WORK TO BE COMPLETED> For this exercise, repeat exactly the lines below starting at the line holding "気になるのは、噂の「アマビエ" and ending at the line holding "Versatile, stretchy and", both included, with no extra lines and no pictures.
=== DATA EXTRACTS ===
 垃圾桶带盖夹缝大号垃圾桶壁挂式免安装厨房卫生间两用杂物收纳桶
===
=== DATA EXTRACTS ===
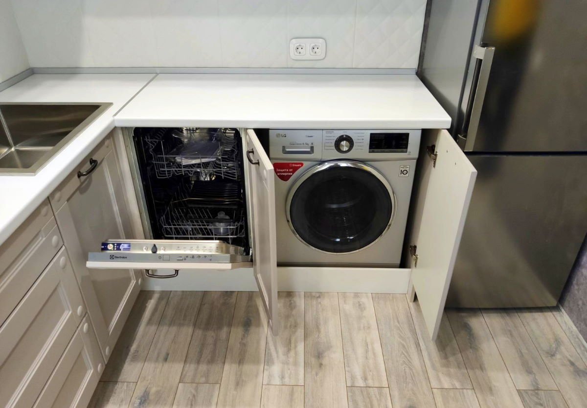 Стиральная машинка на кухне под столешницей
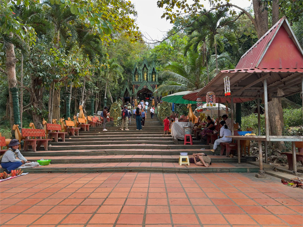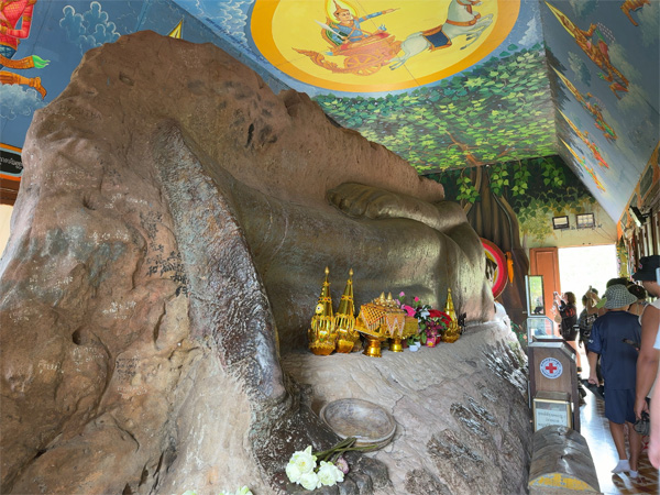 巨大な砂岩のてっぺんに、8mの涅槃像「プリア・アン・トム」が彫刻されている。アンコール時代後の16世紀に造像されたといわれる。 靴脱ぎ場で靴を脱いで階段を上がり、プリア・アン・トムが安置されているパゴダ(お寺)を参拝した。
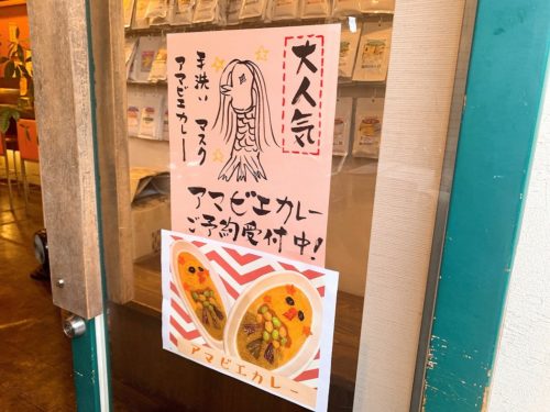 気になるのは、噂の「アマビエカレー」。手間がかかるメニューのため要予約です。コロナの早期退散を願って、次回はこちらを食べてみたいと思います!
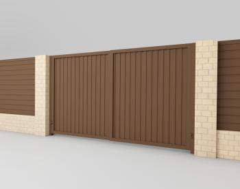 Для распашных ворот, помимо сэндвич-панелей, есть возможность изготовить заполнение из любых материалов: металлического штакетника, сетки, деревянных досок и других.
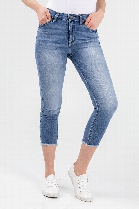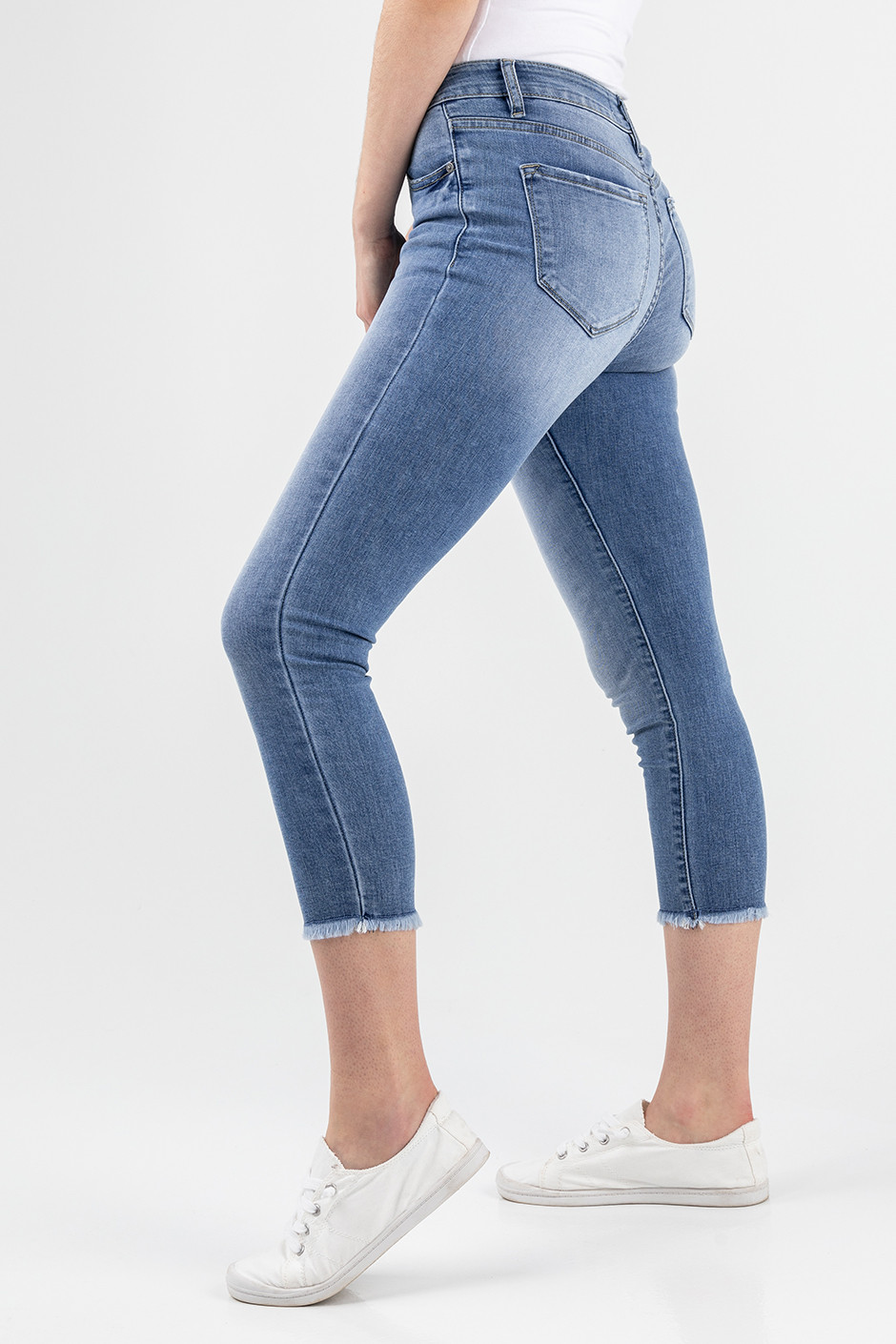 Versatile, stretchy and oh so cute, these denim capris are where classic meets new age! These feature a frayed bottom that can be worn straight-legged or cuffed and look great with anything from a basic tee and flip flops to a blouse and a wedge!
===
=== DATA EXTRACTS ===
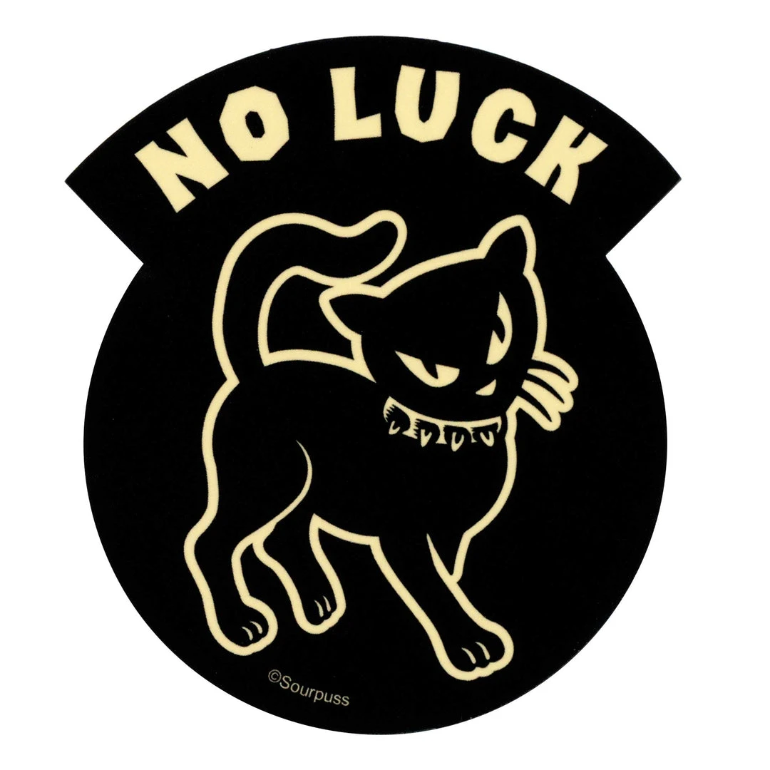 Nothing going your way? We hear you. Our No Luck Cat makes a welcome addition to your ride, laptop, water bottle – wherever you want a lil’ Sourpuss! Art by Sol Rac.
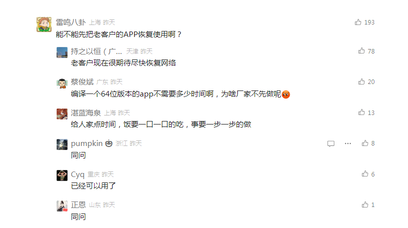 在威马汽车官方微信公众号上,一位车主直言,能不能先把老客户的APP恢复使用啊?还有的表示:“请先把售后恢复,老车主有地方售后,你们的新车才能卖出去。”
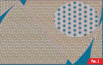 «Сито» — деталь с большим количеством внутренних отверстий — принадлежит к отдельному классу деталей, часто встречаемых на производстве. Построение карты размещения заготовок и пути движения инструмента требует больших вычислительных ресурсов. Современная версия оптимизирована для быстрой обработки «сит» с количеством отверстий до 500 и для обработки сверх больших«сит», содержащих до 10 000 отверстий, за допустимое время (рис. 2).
===
TASK OUTPUT>
 気になるのは、噂の「アマビエカレー」。手間がかかるメニューのため要予約です。コロナの早期退散を願って、次回はこちらを食べてみたいと思います!
 Для распашных ворот, помимо сэндвич-панелей, есть возможность изготовить заполнение из любых материалов: металлического штакетника, сетки, деревянных досок и других.
 Versatile, stretchy and oh so cute, these denim capris are where classic meets new age! These feature a frayed bottom that can be worn straight-legged or cuffed and look great with anything from a basic tee and flip flops to a blouse and a wedge!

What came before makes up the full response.